Dancer from the Dance
- Cover of the first edition
- Author: Andrew Holleran
- Language: English
- Genre: Gay novel
- Publisher: William Morrow & Co.
- Publication date: 1978
- Publication place: United States
- Media type: Print (hardcover)
- Pages: 250 pp
- ISBN: 978-0-688-03357-6

= Dancer from the Dance =

1978 novel by Andrew Holleran

Dancer from the Dance is a 1978 novel by Andrew Holleran (pen name of Eric Garber) about gay men in New York City and Fire Island.

== Title ==
The book's title is derived from William Butler Yeats' poem "Among school children" published in 1928. It ends with the paragraph:

Labour is blossoming or dancing where
The body is not bruised to pleasure soul,
Nor beauty born out of its own despair,
Nor blear-eyed wisdom out of midnight oil.
O chestnut tree, great rooted blossomer,
Are you the leaf, the blossom or the bole?
O body swayed to music, O brightening glance,
How can we know the dancer from the dance?

==Plot==
Malone, a handsome young man from the Midwest, leaves behind his straight life as a lawyer to immerse himself in the gay life of 1970s New York. He meets Andrew Sutherland, variously described as a speed addict, a socialite, and a drag queen who guides him through his new social circle. Their social life includes long nights of drinking, dancing, and drug use in New York's gay bars. Though they enjoy many physical pleasures, their lives lack any spiritual depth. Much of the plot concerns Sutherland's efforts to leverage Malone's beauty by "marrying" him to a young millionaire. The marriage never happens: Sutherland dies of an overdose, and Malone goes for a late-night swim the same night. He is never seen again.

==Style and themes ==
The book switches perspective often. Characters are sometimes tracked closely using traditional omniscient narrative techniques, before turning to one character's point of view. Yale Review contributor Garth Greenwell posits that this narrative structure echoes Yeats' poem ("How can we know the dancers from the dance?"): "[and] alternates between first person singular, the enigmatic narrator whose circumstances we only ever glimpse, and a communal “we.”

The narrative centered around Malone builds over the course of the novel to reach a finale, but unlike the Bildungsroman, Holleran saw it as "constant, multiple cycles of love, “like the growing and dying of a plant, from indifference to love to extinction”."

== Reception ==
The novel is known for its vivid imagery, and lush language depicting gay men searching for love and acceptance in a harsh, dreamlike urban landscape. The novel was one of the first among gay fiction to portray the party atmosphere of Fire Island, a summer community on Long Island where many urban homosexuals celebrated drugs, parties, tea dances, and sexual exploration.
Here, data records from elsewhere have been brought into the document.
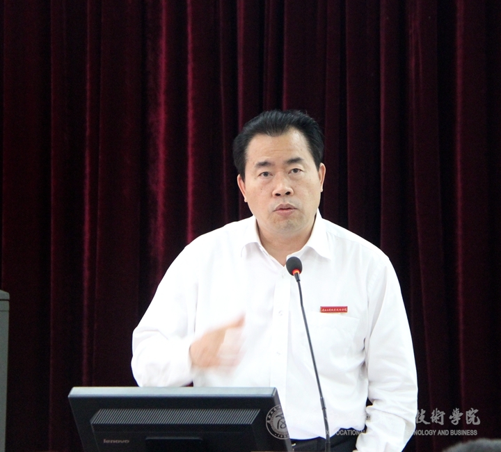 2016 年 4 月 19 日下午,我院在2145報告廳召開“兩學(xué)一做”學(xué)習(xí)教育工作座談會。學(xué)院黨委書記覃武云等全體學(xué)院領(lǐng)導(dǎo)、各部門負責人以及全體黨員參加了座談會。會議由學(xué)院院長陳杰主持。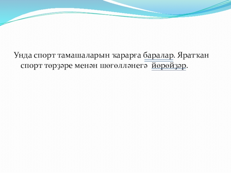 Слайд 9Унда спорт тамашаларын ҡарарға баралар. Яратҡан спорт төрҙәре менән шөғөлләнегә йөрөйҙәр.
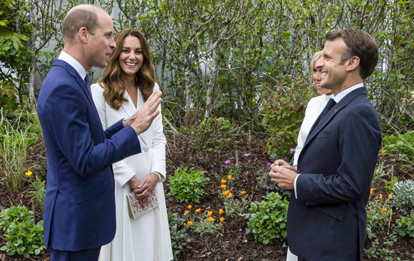 エマニュエル・マクロン仏大統領とブリジット夫人と楽しそうに会話するウィリアム王子とキャサリン妃。(エデン・プロジェクト、2021年6月11日) photo : Abaca

The New York Times critic John Lahr described the book's style as "superb", writing that "erotic heat percolates through these pages: Men burn for love; the metaphor for their obsession is dancing." Kirkus reviews was more critical, writing that "without a single character capable of growth, this fiction debut can't succeed as a novel. But it does succeed off and on as a vivid, perceptive, authentically pathetic neon side show".

The book can be read from a moralist perspective, as a criticism of the world it depicts. This point of view often pairs Dancer from the Dance, with Faggots by Larry Kramer, another gay novel published the same year. The latter is a direct and incisive critique of the 1970s New York city gay scene, and takes on a judgmental tone while Holleran left his book's perspective ambivalent.

There was some speculation that Holleran wrote the book under a pseudonym due to its subject matter. The author denied the fact, stating that he would always write under a pseudonym to better separate his private and public lives.

== Influence ==
Published in the same year as Edmund White's Nocturnes for the King of Naples and Larry Kramer's Faggots, Dancer from the Dance is regarded as a major contribution to post-Stonewall gay male literature and it enjoys cult status in the gay community. It has been described as "the best gay novel of all time," a work that is continually rediscovered by new generations of gay male readers despite not being taught in colleges and universities, unlike other classic works by writers from minority groups.